(Data extracted from a collection)
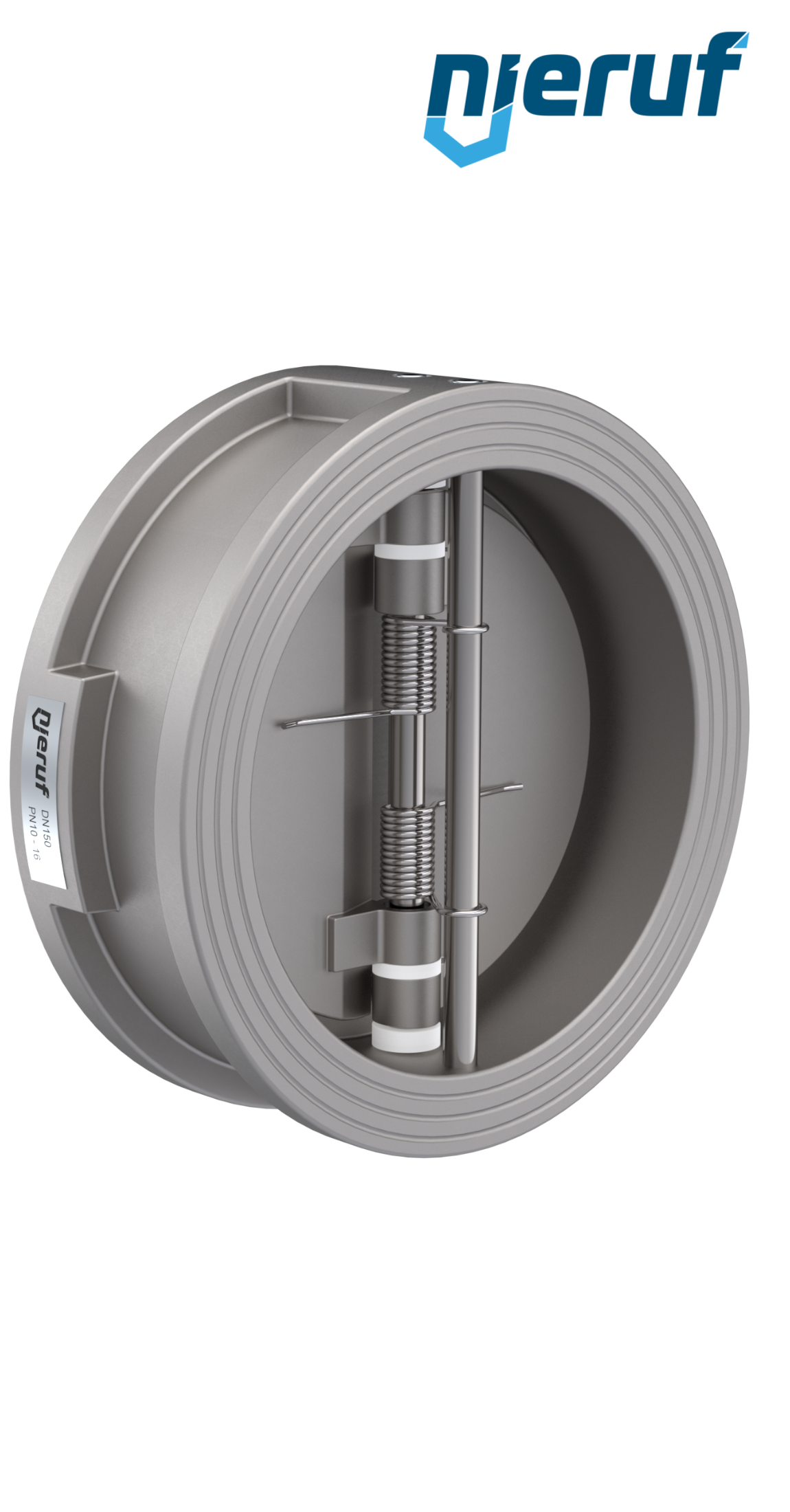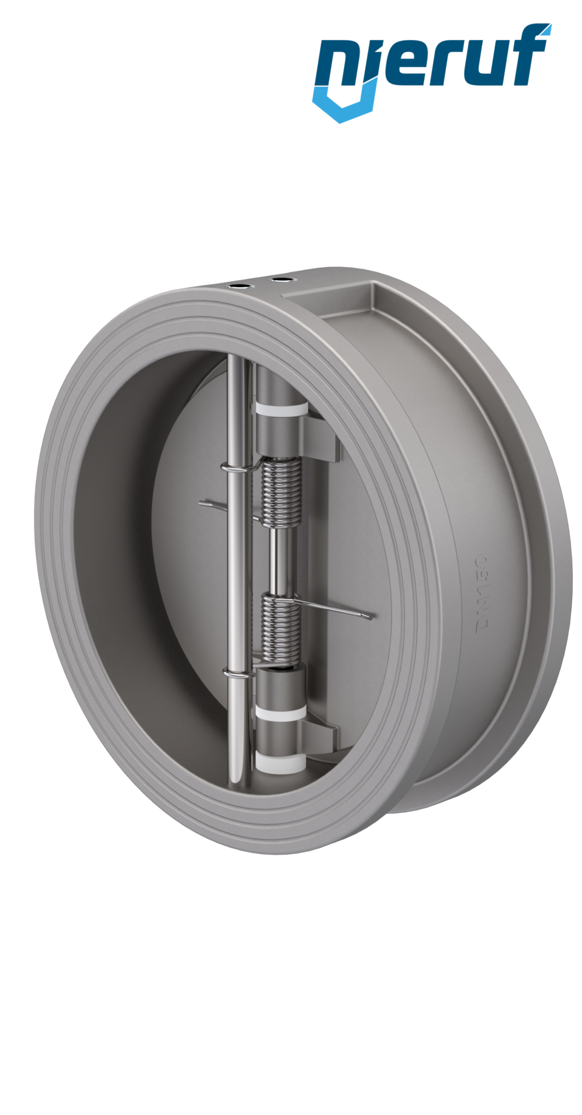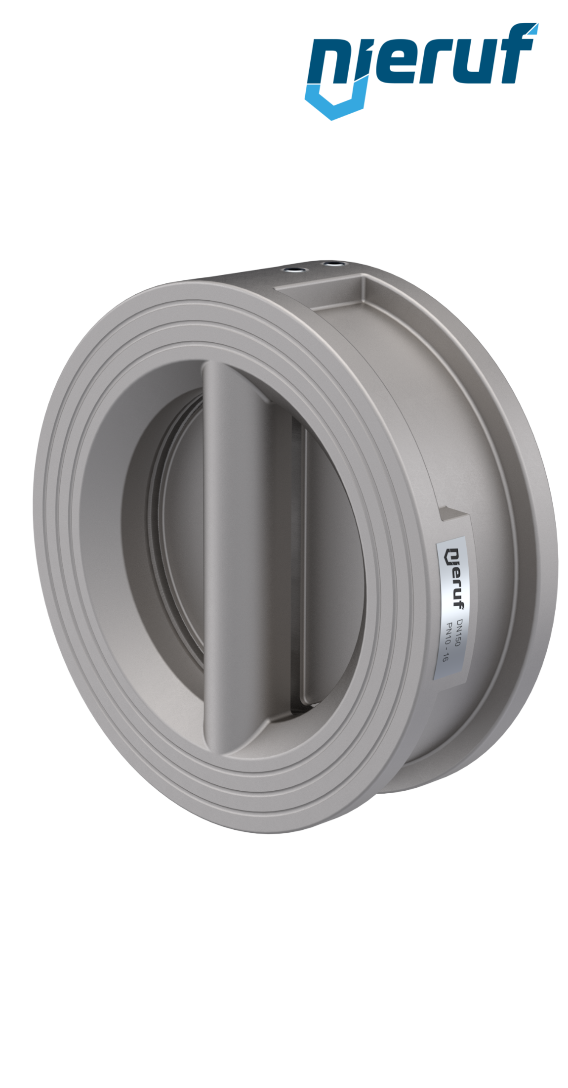 Klapa zwrotna dwuskrzydłowa DN150 uszczelnienie FKM (Viton) PN 10/16 DIN EN 1092-1 Forma B, korpus i skrzydła ze Stal nierdzewna 1.4408
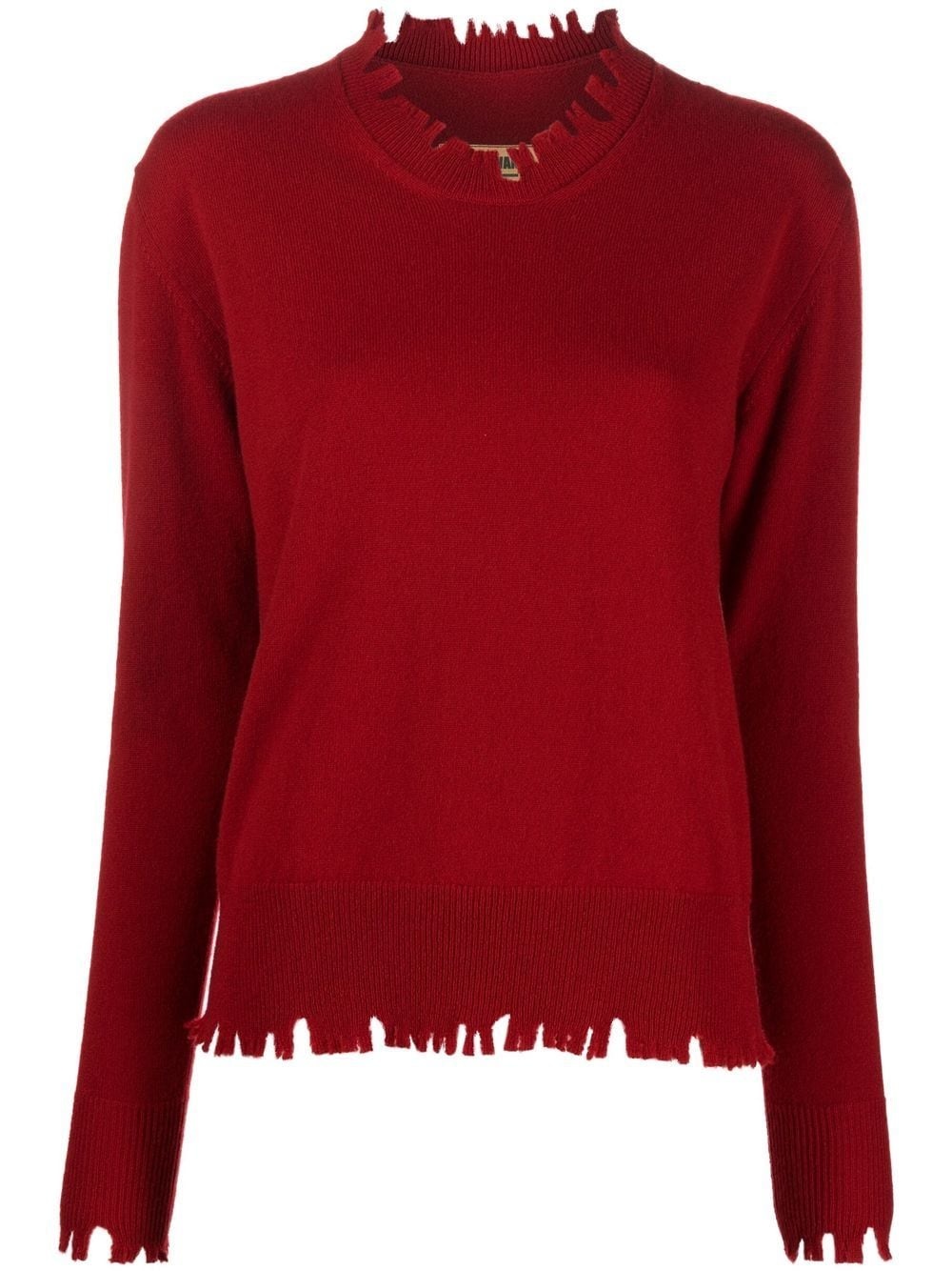 distressed-edge knit jumper dark red cashmere ribbed detailing distressed finish round neck long sleeves straight hem Made in Italy Composition Cashmere 100% SIZE & FIT Model measurements Height 5 ft 9 in(1.74 m) Bust/Chest 32.28 in(82 cm) Hips 35.82 in(91 cm) Waist 24.01 in(61 cm) FittingInformation This piece fits true to size. We recommend you get your regular size Cut for a relaxed fit Made with a mid-weight fabric Washing instructions Hand Wash
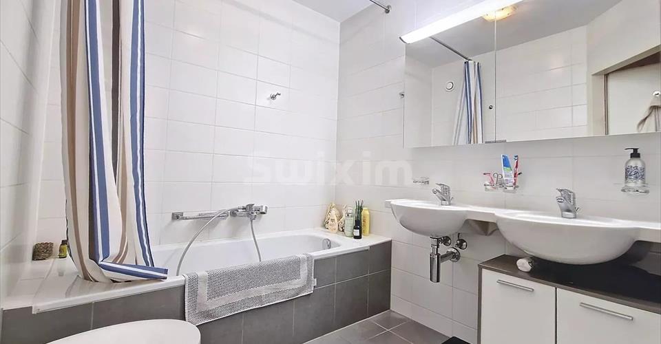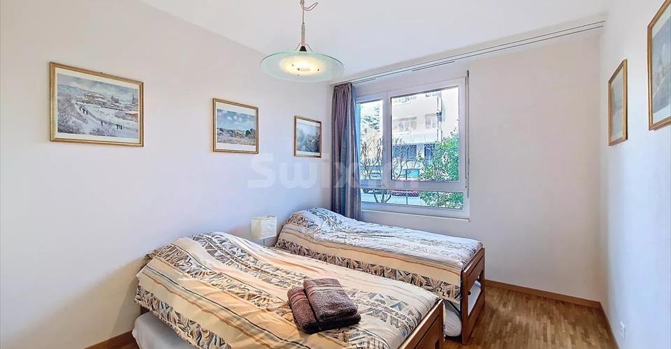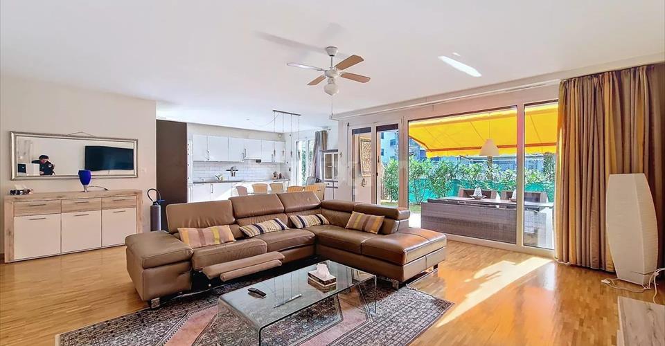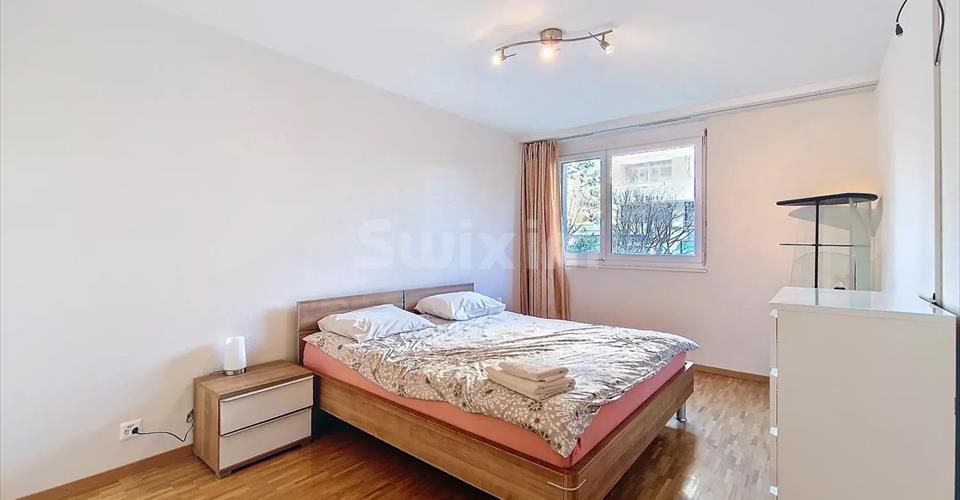Réf 3903 MC : Découvrez ce cosy 4 pièces traversant aux beaux volumes et prestations confortables, un hall d’entrée dessert 2 chambres, 2 salles de bains / douche et WC, plusieurs armoires intégrées côté nuit. Côté jour le hall est ouvert sur le salon / cuisine baignés de lumière par de larges baies vitrées exposées plein sud. Deux jardins clôturés et une terrasse de chaque côté de l’appartement lui confèrent de vrais atouts, idéal pour animaux de compagnie et profiter du calme du quartier verdoyant. A noter le quartier est très calme et l’on entend pas de bruit même à l’extérieur et fenêtres ouvertes pour cet appartement situé en rive droite. Immeuble récent au sein d’un environnement calme et très bien connecté aux transports en communs et infrastructures sportives. Des panneaux solaires et ventilation double flux sont présents dans le batiment de 2009 aux normes minergie. Les charge de PPE sont de 540 CHF mensuel. Une place de parc (50’000 CHF) et une cave complètent le bien. Possibilité d’être éligible au casatax.
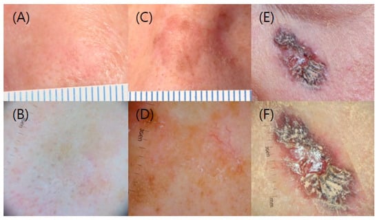 - Lallas, A.; Argenziano, G.; Zendri, E.; Moscarella, E.; Longo, C.; Grenzi, L.; Pellacani, G.; Zalaudek, I. Update on non-melanoma skin cancer and the value of dermoscopy in its diagnosis and treatment monitoring. Expert Rev. Anticancer Ther. 2013, 13, 541–558. [Google Scholar] [CrossRef] [PubMed]
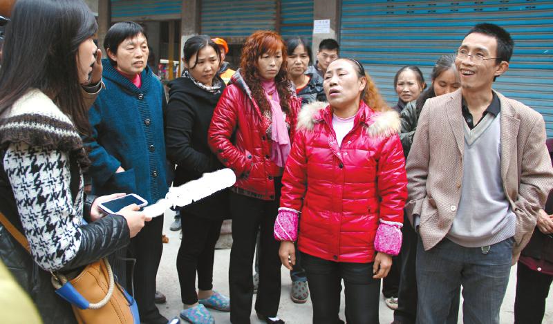 現(xiàn)場目擊者向記者介紹情況。
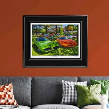 Artist Michael Irvine has a passion for the automobile that started in his childhood. He has chosen to focus his natural artistic talent, and years of training, on capturing American muscle and sports cars in vibrant, high impact watercolor. Michael's unique approach to this traditionally 'loose' medium, and ardent eye for detail produces crisp, sharp images that are alive with color and narration. He uses reflective surfaces and ‘hidden’ images, along with his incredible attention to technical accuracy, making his car art paintings highly captivating. His goal is to draw the viewer into the scene while slowly revealing more of the story before them. Incredibly detailed, powerful, imaginative and creative, the surrealism of Michael's work invites you to join him in a journey of discovery.

Exercise prompt: Could you write out exactly the lines running from the one with "現(xiàn)場目擊者向記者介紹情況。" through the last line of the data above, both ends kept, and omit any picture?

Exercise answer:
 現(xiàn)場目擊者向記者介紹情況。
 Artist Michael Irvine has a passion for the automobile that started in his childhood. He has chosen to focus his natural artistic talent, and years of training, on capturing American muscle and sports cars in vibrant, high impact watercolor. Michael's unique approach to this traditionally 'loose' medium, and ardent eye for detail produces crisp, sharp images that are alive with color and narration. He uses reflective surfaces and ‘hidden’ images, along with his incredible attention to technical accuracy, making his car art paintings highly captivating. His goal is to draw the viewer into the scene while slowly revealing more of the story before them. Incredibly detailed, powerful, imaginative and creative, the surrealism of Michael's work invites you to join him in a journey of discovery.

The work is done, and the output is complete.